Exercise brief: Below are some records. Return exactly their lines from the one containing "Zachte ribset met" through the one containing "Das Fenster Kommentare", and drop the pictures.

Dataset extract:
BEGIN

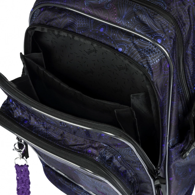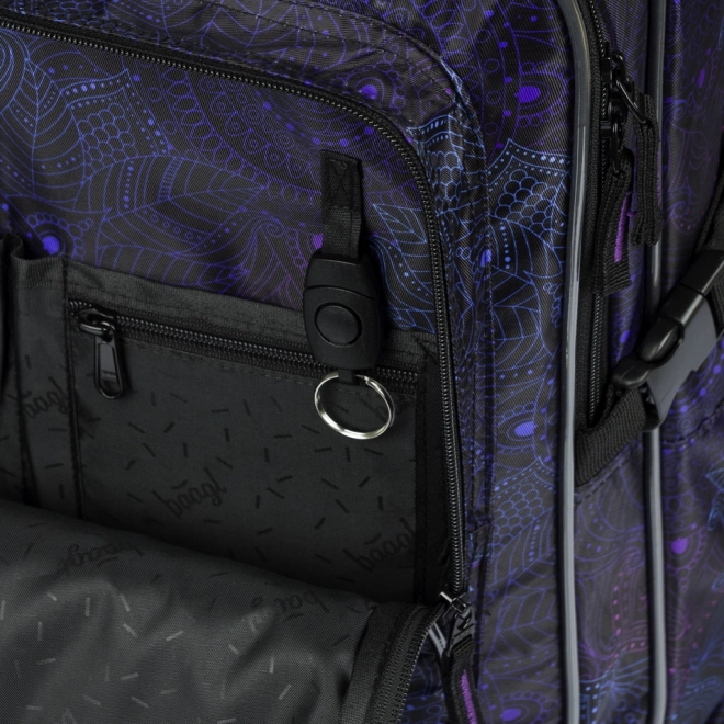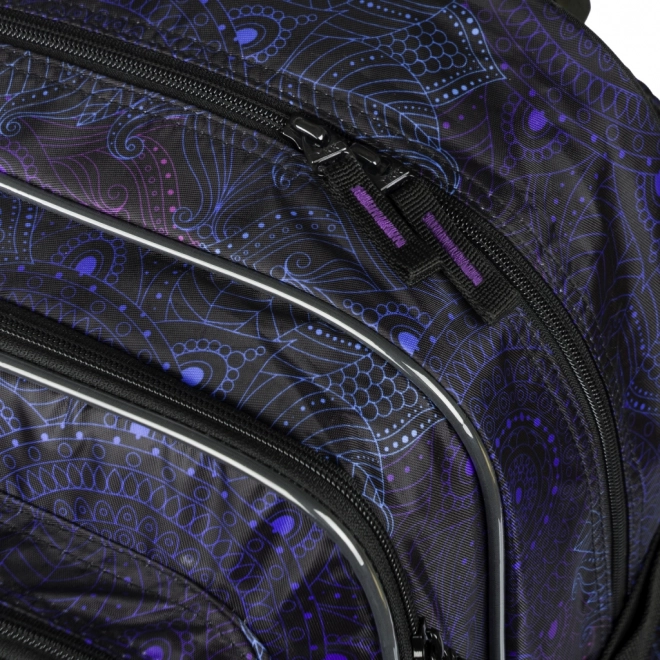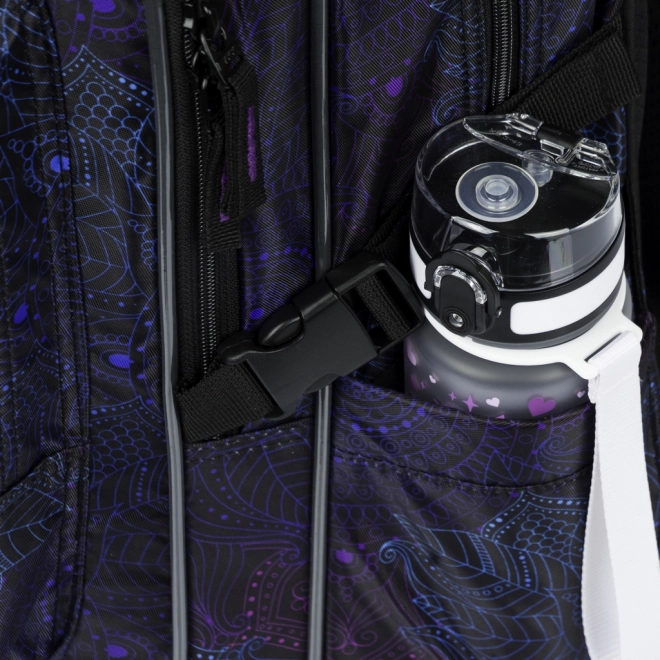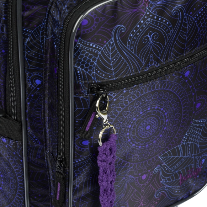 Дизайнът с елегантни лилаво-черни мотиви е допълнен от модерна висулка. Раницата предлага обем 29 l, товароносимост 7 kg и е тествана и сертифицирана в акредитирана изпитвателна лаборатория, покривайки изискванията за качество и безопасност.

END
BEGIN

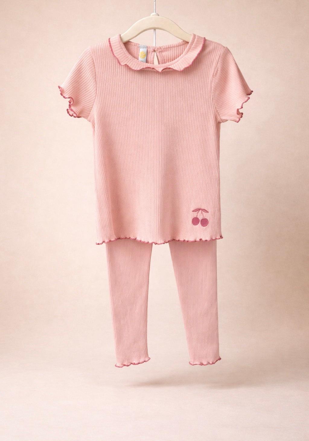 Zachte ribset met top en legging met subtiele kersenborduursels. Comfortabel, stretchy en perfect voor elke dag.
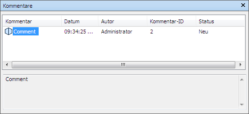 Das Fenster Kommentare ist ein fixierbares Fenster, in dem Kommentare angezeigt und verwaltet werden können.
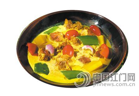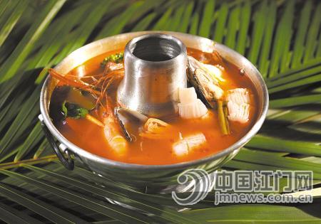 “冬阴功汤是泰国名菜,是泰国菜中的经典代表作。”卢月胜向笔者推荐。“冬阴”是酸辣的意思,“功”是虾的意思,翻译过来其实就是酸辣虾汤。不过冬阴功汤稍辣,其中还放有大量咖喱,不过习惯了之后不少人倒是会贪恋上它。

END

Response area:
 Zachte ribset met top en legging met subtiele kersenborduursels. Comfortabel, stretchy en perfect voor elke dag.
 Das Fenster Kommentare ist ein fixierbares Fenster, in dem Kommentare angezeigt und verwaltet werden können.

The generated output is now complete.